Wednesday, March 17, 2010

Four basic rules for news on surveys

There orders me a reader (thank you, Inés) a linkage to the fantastic page PHD Comics, which satirizes normally the academic life, but which this time has written in only one strip, four basic lessons of statistics for journalists.
"Piled Higher and Deeper" by Jorge Chamwww.phdcomics.com
My rapid translation:
Dear mass media,
On having given news on surveys results, please, pay attention to the following ones sugerencias:1. If two surveys differ in less than the error margin, there is no news. (In the vignette): "The survey information for the candidate O is collapsing!!!")
2. The scientific facts do not decide for polls of public opinion (In the vignette): Network of medieval news. "Yes, Galilean, but: what does he say to us about the last surveys that they say that the ground is flat?"

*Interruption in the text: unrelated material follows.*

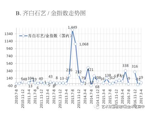 “艺/金指数”认为,以黄金价格度量艺术品投资收益更为客观,将艺术品价格涨跌与金价涨跌做比照,更能反映艺术品投资的实际收益。不同于其他指数以货币衡量艺术品投资回报,而是以金价为尺度,从而剔除了货币通胀因素,更真实地反映了艺术品的增值能力,反映了艺术品投资收益的实际波动,可以帮助投资者理性看待艺术品资产的增值能力。该指数计算方法为:首先,用前述特征价格法计算当期艺术品价格相对于基期的增幅,即名义投资收益率;同时,计算当期黄金价格相当于基期的增幅;然后,计算艺术品价格增幅与黄金价格涨幅的比值,即艺术品以黄金计价的投资收益。由于国内、国际金价增幅有所差异,依据上海黄金交易所发布的上海金、伦敦国际金融期货交易所的伦敦金作为国内、国际金价标准,分别测算国内、国际的艺/金指数值。

3. A survey of his Internet spectators / readership is not a scientific survey (In the vignette): Announcer: And now, to refill emission time, a survey that shows that the people who thinks how I it agrees with me. (In the cartel) I am right? Of course 99 % Me divide of laugh 67 %
4. How if all the surveys include the option "does not it matter for me? (In the vignette): Here the results of the survey are votaciónCandidato A: 30%Candidato B: 26%Lo that is: 44 %
Signed: someone who gave a basic statistics course
That should sound quite so familiarly in a cómic who writes himself in the United States, it makes us see that, as a friend says, "everywhere boil beans".